En Europe, la directive sur les logiciels de 1991 prévoit explicitement un droit à la décompilation afin de parvenir à l'interopérabilité. Fruit d'un débat houleux entre, d'un côté, les défenseurs de la protection des logiciels et, de l'autre, les universitaires et les développeurs de logiciels indépendants, l'article 6 autorise la décompilation uniquement si un certain nombre de conditions sont remplies :
- Premièrement, une personne ou une entité doit disposer d’une licence pour utiliser le programme à décompiler.
- Deuxièmement, la décompilation doit être nécessaire pour obtenir l'interopérabilité avec le programme cible ou d'autres programmes. Les informations d'interopérabilité ne doivent donc pas être facilement disponibles, par exemple via des manuels ou la documentation API . Il s'agit d'une limitation importante. La nécessité doit être prouvée par le décompilateur. Le but de cette limitation importante est principalement d'inciter les développeurs à documenter et à divulguer les informations d'interopérabilité de leurs produits.
- Troisièmement, le processus de décompilation doit, si possible, se limiter aux parties du programme cible concernées par l'interopérabilité. L'un des objectifs de la décompilation étant de comprendre la structure du programme, cette troisième limitation peut être difficile à respecter. Là encore, la charge de la preuve incombe au décompilateur.
En outre, l’article 6 prescrit que les informations obtenues par décompilation ne peuvent être utilisées à d’autres fins et qu’elles ne peuvent être communiquées à des tiers.
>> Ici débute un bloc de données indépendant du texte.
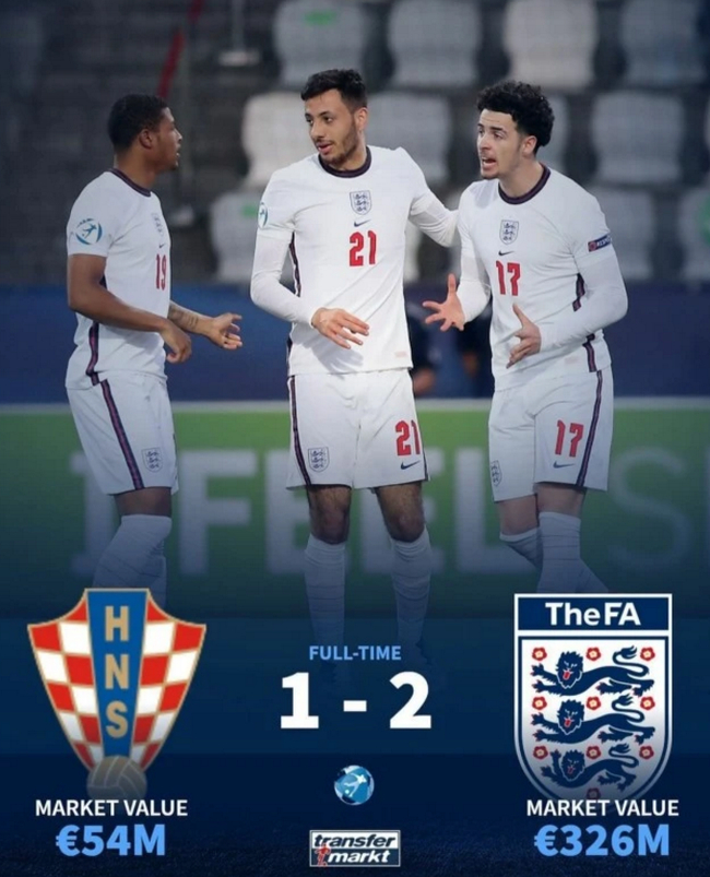 U21欧锦赛正在进行,英格兰U21队2-1战胜了克罗地亚,但他们却还是小组出局了。
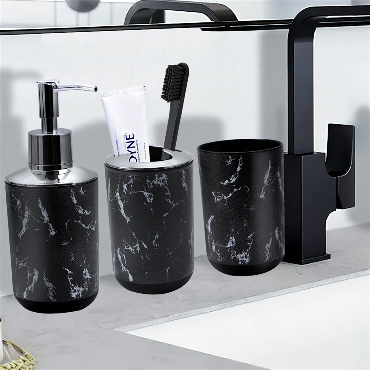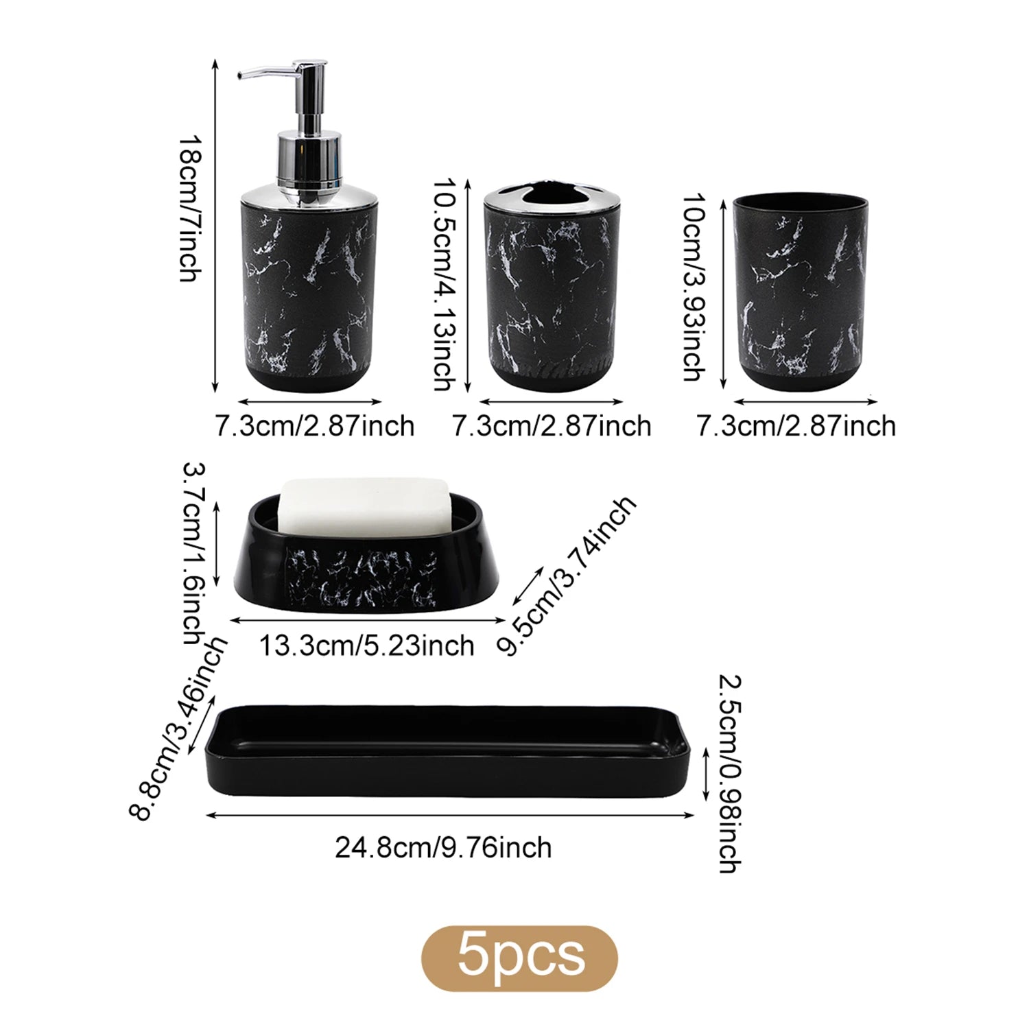 Elevate bathroom organization with the White Black Marble Bathroom Set, featuring a lotion bottle and a soap dish in a sophisticated marble pattern that complements contemporary décor.
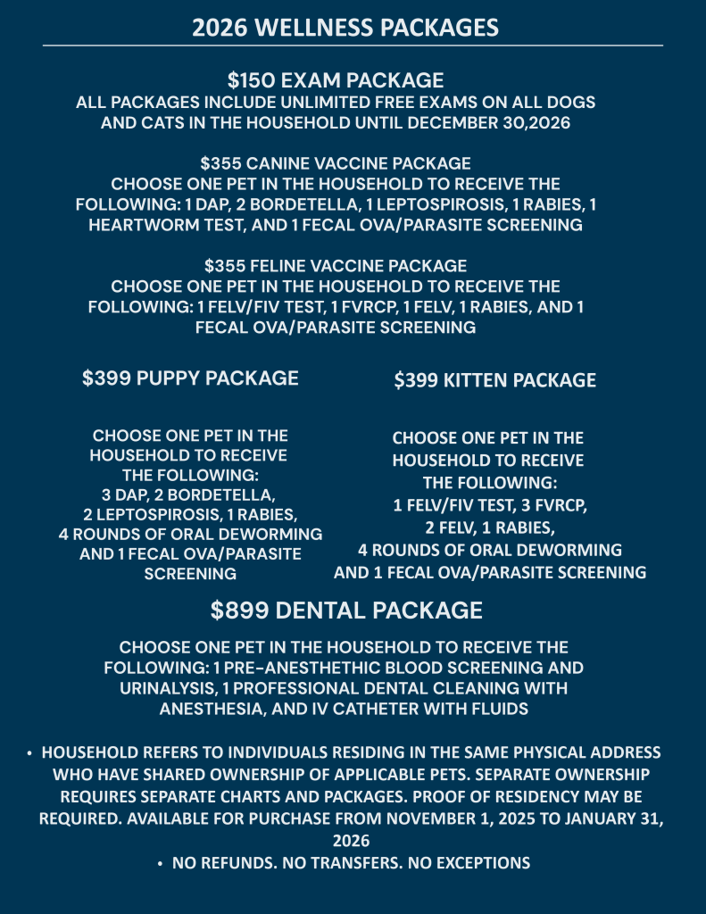 2025/2026 PACKAGES ARE AVAILABLE FOR PURCHASE 11/1/25-1/31/26. MARK YOUR CALENDARS!! JUST A FRIENDLY REMINDER THAT ALL PACKAGES COME WITH UNLIMITED EXAMS FOR ALL PETS IN THE HOUSEHOLD. NO TRANSFERS, NO REFUNDS, NO EXCEPTIONS!!

Dans l'ensemble, le droit de décompilation prévu par l'article 6 codifie ce qui est censé être une pratique courante dans l'industrie du logiciel. On connaît peu de poursuites judiciaires européennes découlant du droit de décompilation. Cela pourrait être interprété comme signifiant l'une des trois choses suivantes :
- ) le droit de décompilation n'est pas utilisé fréquemment et il se peut donc qu'il ait été inutile,
- ) le droit de décompilation fonctionne bien et offre une sécurité juridique suffisante pour ne pas donner lieu à des litiges juridiques ou
- ) la décompilation illégale passe largement inaperçue.
Dans un rapport de 2000 concernant la mise en œuvre de la directive sur les logiciels par les États membres européens, la Commission européenne semble soutenir la deuxième interprétation.